# [Data for this exercise]

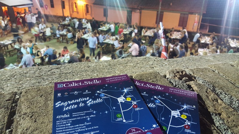 Kit degustazione in mano, calice a tracolla, scarpe comode e via! Questo il mood con il quale centinaia e centinaia di persone hanno affrontato la notte delle stelle cadenti a Montefalco dove il Consorzio Tutela Vini, in collaborazione con il Comune, ha organizzato ancora una volta una riuscitissima edizione di Sagrantino sotto le Stelle, declinazione della manifestazione nazionale Calici di Stelle. Taverne gremite e punti degustazione con appassionati di vino pazientemente in fila ad aspettare il proprio turno per scegliere quale tra i vini proposti assaggiare.
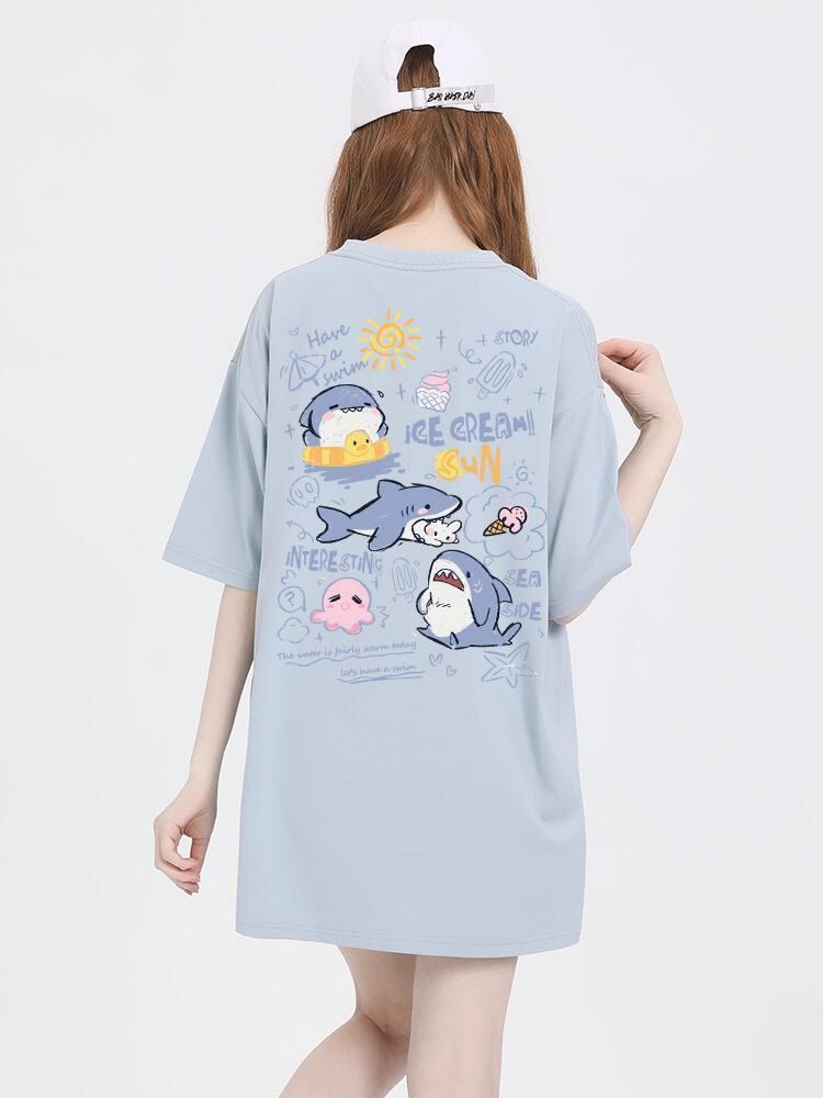 売り切れ必至 ポップなプリントが夏に映えるプリント 4色選択 半袖Tシャツ<ins-9327>
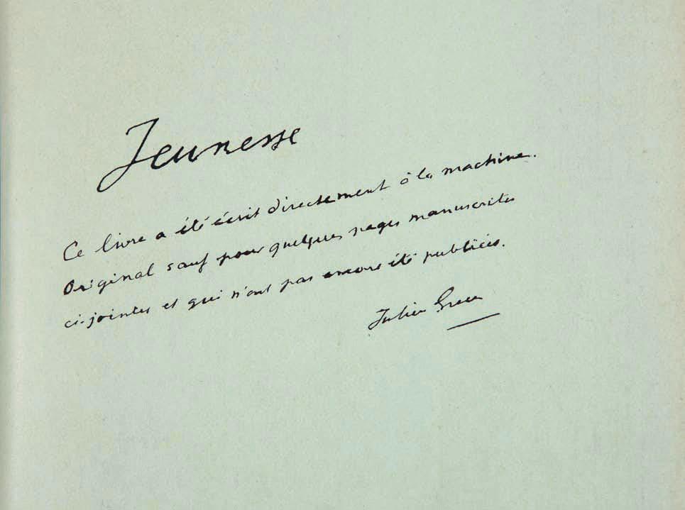 Quatrième volume de l’ Autobiographie , Jeunesse fut publié par Plon en mai 1974. Ce livre racontant le retour de l’Université de Green et les débuts de sa carrière d’écrivain, renferme des fragments en préface à diverses rééditions de ses premiers livres. Le dossier se compose de deux chemises portant les mentions suivantes : « Jeunesse – Ce livre a été écrit directement à la machine. Original sauf pour quelques pages manuscrites ci-jointes et qui n’ont pas encore été publiées », et « Double de Jeunesse – Variantes ». La première chemise renferme un manuscrit dactylographié par J. G., raturé et corrigé de sa main (214 pages numérotées) ; la seconde contient un tapuscrit d’une centaine de feuillets dactylographiés, également revu et corrigé par l’auteur. A cela s’ajoute une soixantaine de pages, dont une moitié autographes, intitulées « L’Autre Sommeil », « Léviathan – 1 ère version à garder : plus complète », etc., ainsi que d’autres feuillets annotés « Pages manuscrites non publiées ».
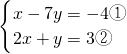 ①×2-②得,-15y=-11,解得y=
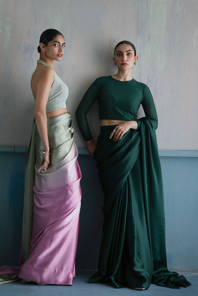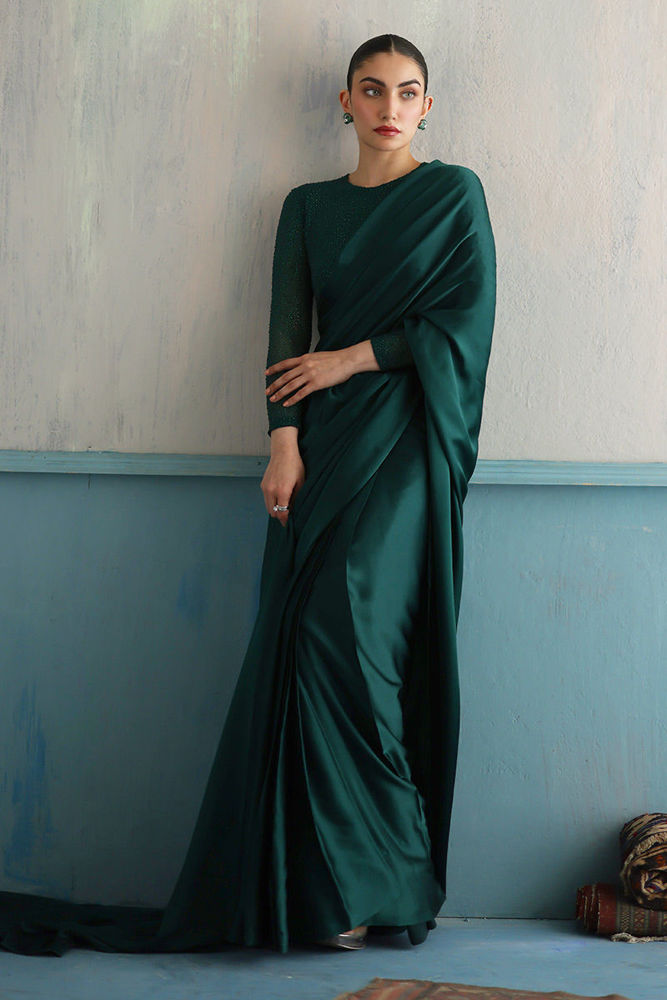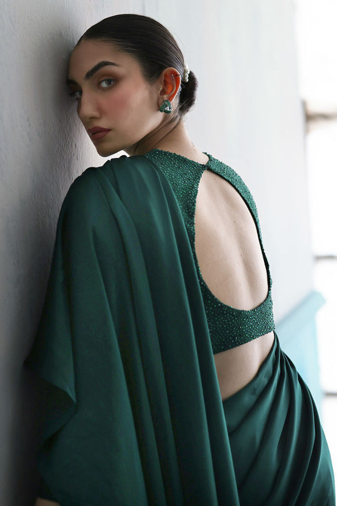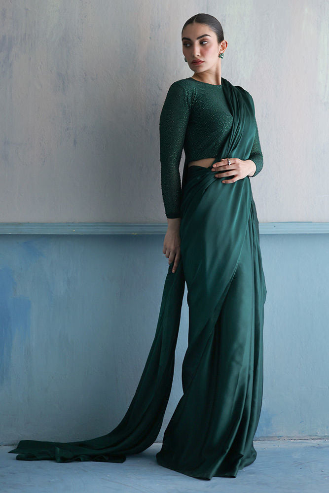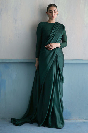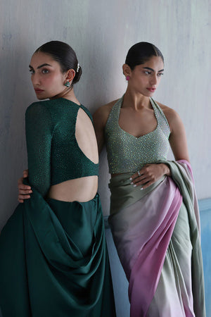 Experience the allure of timeless sophistication with our "Smoked Pine Elegance Saree Set". This ensemble embodies the perfect blend of opulence and grace, designed to make you shine on every occasion. The saree is accompanied by a Swarovski-studded blouse that adds a touch of glamour to your ensemble. The deep, rich hue reminiscent of smoked pine forests creates an aura of mystery and elegance. As you drape the saree, its silky texture cascades with regal grace.

# [Exercise brief]
Please return the records as they stand, word for word, with no pictures.

# [Solution]
 Kit degustazione in mano, calice a tracolla, scarpe comode e via! Questo il mood con il quale centinaia e centinaia di persone hanno affrontato la notte delle stelle cadenti a Montefalco dove il Consorzio Tutela Vini, in collaborazione con il Comune, ha organizzato ancora una volta una riuscitissima edizione di Sagrantino sotto le Stelle, declinazione della manifestazione nazionale Calici di Stelle. Taverne gremite e punti degustazione con appassionati di vino pazientemente in fila ad aspettare il proprio turno per scegliere quale tra i vini proposti assaggiare.
 売り切れ必至 ポップなプリントが夏に映えるプリント 4色選択 半袖Tシャツ<ins-9327>
 Quatrième volume de l’ Autobiographie , Jeunesse fut publié par Plon en mai 1974. Ce livre racontant le retour de l’Université de Green et les débuts de sa carrière d’écrivain, renferme des fragments en préface à diverses rééditions de ses premiers livres. Le dossier se compose de deux chemises portant les mentions suivantes : « Jeunesse – Ce livre a été écrit directement à la machine. Original sauf pour quelques pages manuscrites ci-jointes et qui n’ont pas encore été publiées », et « Double de Jeunesse – Variantes ». La première chemise renferme un manuscrit dactylographié par J. G., raturé et corrigé de sa main (214 pages numérotées) ; la seconde contient un tapuscrit d’une centaine de feuillets dactylographiés, également revu et corrigé par l’auteur. A cela s’ajoute une soixantaine de pages, dont une moitié autographes, intitulées « L’Autre Sommeil », « Léviathan – 1 ère version à garder : plus complète », etc., ainsi que d’autres feuillets annotés « Pages manuscrites non publiées ».
 ①×2-②得,-15y=-11,解得y=
 Experience the allure of timeless sophistication with our "Smoked Pine Elegance Saree Set". This ensemble embodies the perfect blend of opulence and grace, designed to make you shine on every occasion. The saree is accompanied by a Swarovski-studded blouse that adds a touch of glamour to your ensemble. The deep, rich hue reminiscent of smoked pine forests creates an aura of mystery and elegance. As you drape the saree, its silky texture cascades with regal grace.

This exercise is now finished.